1. Migrate JCS - SaaS Extension apps to WebLogic Server on Oracle Cloud Infrastructure
  2. Configure Web-Tier Security and Role Authorization in Oracle Identity Cloud Service

Configure Web-Tier Security and Role Authorization in Oracle Identity Cloud Service

Before deploying your updated application to your production environment, you need to configure web-tier security and role authorization in Oracle Identity Cloud Service.

Configure Web-Tier Security

With Oracle Java Cloud Service - SaaS Extension, web-tier security for an application was typically implemented with a deployment descriptor within web.xml. With Oracle Identity Cloud Service, web-tier and OAuth security are implemented with Oracle Identity Cloud Service Confidential Application configuration, specifically associated with the Fusion SaaS extension app in the Oracle Identity Cloud Service Administrative Console.
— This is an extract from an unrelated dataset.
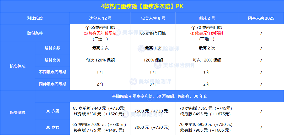 在成人重疾险的江湖里,永远不缺爆款选手。 达尔文12号把性价比卷到了极致; 完美人生 8 号凭借女性专属保障杀出重围; 哪吒 2 号以地板价保费横扫入门市场; 阿基米德 2025 则靠着大公司背景圈粉无数。 4款顶流产品同台竞技,到底哪款才是真能打?哪款最适合普通人闭眼入? 今天咱们就来一场实打实的深度对比,从保障到价格,看看到底哪款产品能更胜一筹,全程干货无套

The steps to update protected application resources highlighted below are covered in detail in the Oracle WebLogic Server for OCI documentation.
  1. From the Oracle Identity Cloud Service console, in the navigation menu, click Applications.
  2. Search for the Enterprise application associated with your WebLogic Server Cloud instance. The name of the application is <stack>_enterprise_idcs_app_<timestamp>.
  3. On the SSO Configuration tab, expand the Resources section.
  4. Click Add and add a resource using the context path for an application that you want to protect. Note that values support regular expressions.
    Use a descriptive Resource Name such as Sample OAuth Fusion Client App, and use a Resource URL applicable to your application, such as /oauth-appclient/.* . Check the Regex box to indicate you are using regular expressions, and optionally give the resource a description.
  5. Expand the Authentication Policy section and create the policies for your desired protected resources. For example, you may want to allow CORS, require secure cookies, or disable audience validation.
    Policies are honored in the order of this ordered list, according to first match.
  6. For Authentication Method, select Form or Access Token.
  7. Click Save to save your changes.

Configure Role Authorization in Oracle Identity Cloud Service

If your extension application uses Oracle Platform Security Services (OPSS), you need to integrate OPSS user and group APIs with Oracle Identity Cloud Service.

A domain that uses Oracle Identity Cloud Service is associated with a confidential application, which grants Oracle WebLogic Server one or more Oracle Identity Cloud Service client roles. By default, this confidential application has a single role, Authenticator Client, which enables Java applications to use the OPSS authentication APIs. If your Java applications use the OPSS APIs to look up user and group information, then you must add more roles to the confidential application.

The full procedure is provided in the Oracle WebLogic Server for OCI product documentation.